Washington cannot lose sight of Putin’s war in Ukraine

Wednesday marks Vladimir Putin’s six-month war with Ukraine, with no end in sight.

The West continues to support the heroic resistance, which has largely blocked Russian advances (for now, at least) and even struck blows far behind the lines, as in long-Russian-held Crimea – attacks that could interfere with campaigns in southern Ukraine. , key to Putin’s strategy.

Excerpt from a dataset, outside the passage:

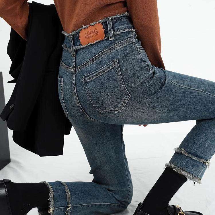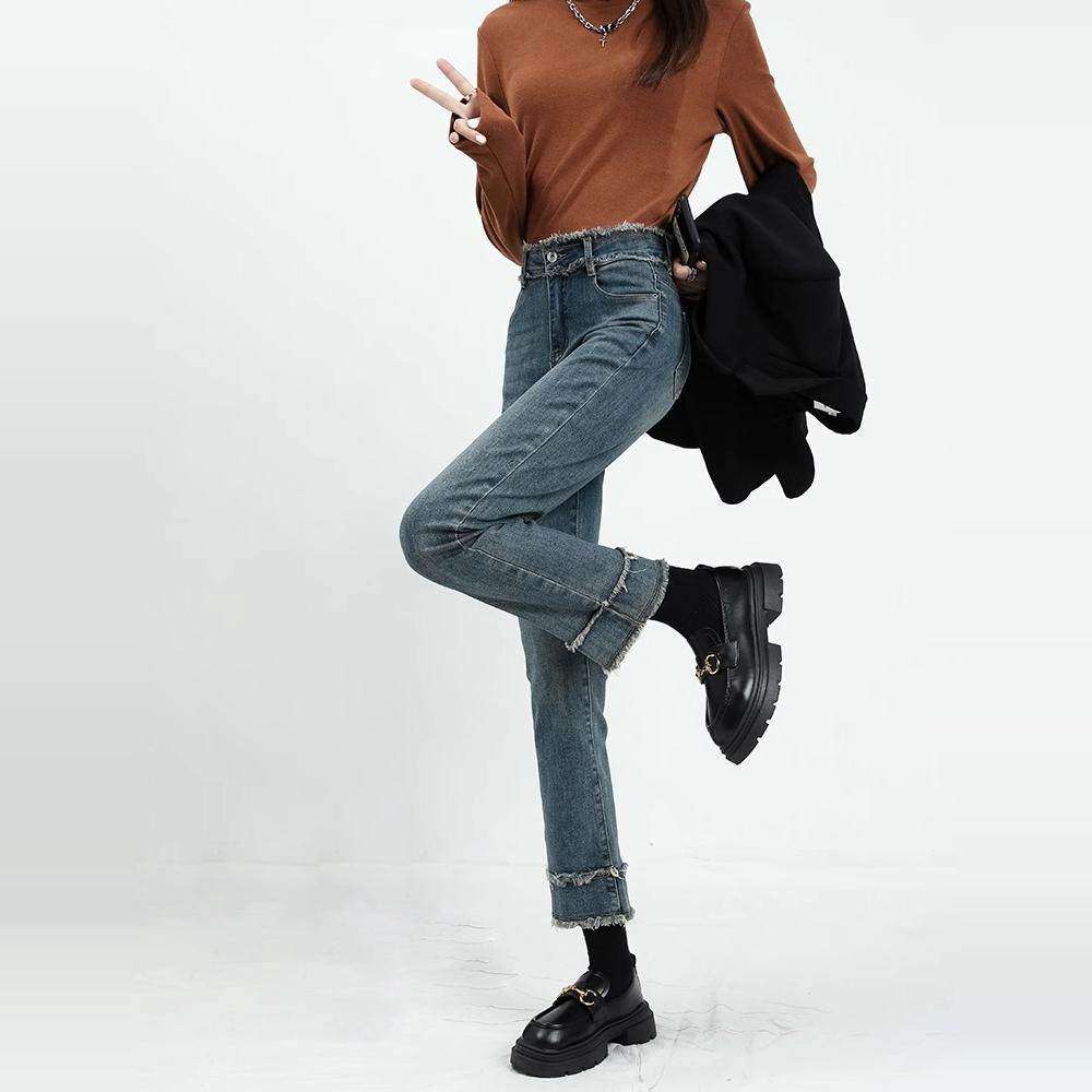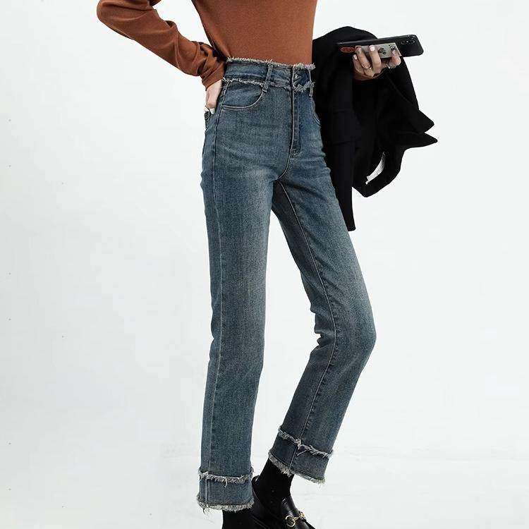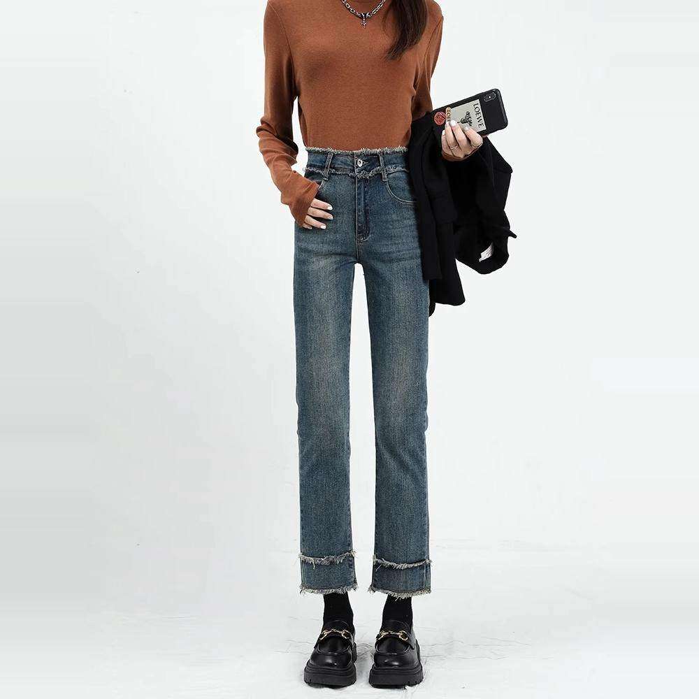 设计感毛边直筒牛仔裤女2025年早秋加绒高腰显高显瘦复古烟管裤
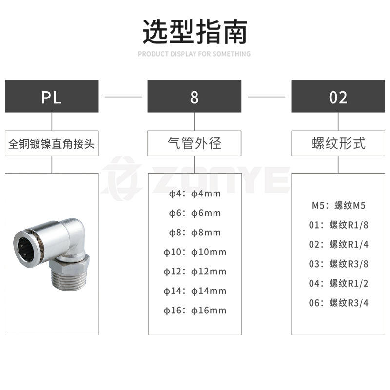 Coude à angle droit tout en cuivre nickelé, haute température, haute pression, résistant à la corrosion, raccord rapide pneumatique pour tuyau d'air

But Beijing and Tehran are coming to Moscow’s aid, with Iran now replenishing the aggressor’s depleted supply of drones. And while there have been positive developments in Europe – the historic decision of the Finns and Swedes to join NATO; The awakening (far too slow and still incomplete) of Germany in the face of the Russian threat – the continent has been distinctly hesitant to do any of this to help Ukraine.

And the war has disappeared from the news and from the public consciousness in this country. After all, this is a distant conflict whose major effect for Americans has been to push up an already painful level of inflation, especially at the gas pump.

But that cannot be the standard by which our foreign policy operates. A victory for Putin would bring far greater disorder by emboldening the Russian autocrat, bringing even more territory and natural resources under his control, and irreparably shaking the post-war political order of a peaceful Europe anchored by a militarily strong concert between the United States and NATO.

Consequences, that is, far more serious than a few extra pennies per gallon. This is why Washington must stay the course.

That means a laser Biden administration is focused on ensuring Ukraine has the hardware it needs to keep fighting, funneling its grain exports to the global market, pushing Turkey for membership in the NATO and Black Sea moves and unleashing our domestic energy production: an America that is once again a net exporter of energy could change the strategic calculus for Europe (especially for Germany).

And the calculation could already change for Russia. Evidenced by the assassination of the regime’s propagandist Daria Dugina, an attack probably also aimed at her father, the Putinian political theorist Alexander Dugin. Even the partial success suggests that Putin himself is less secure than imagined.

The Biden administration’s botched withdrawal from Afghanistan has already borne terrible fruit and likely emboldened Putin to launch this war. A similar failure over Ukraine would be even more disastrous.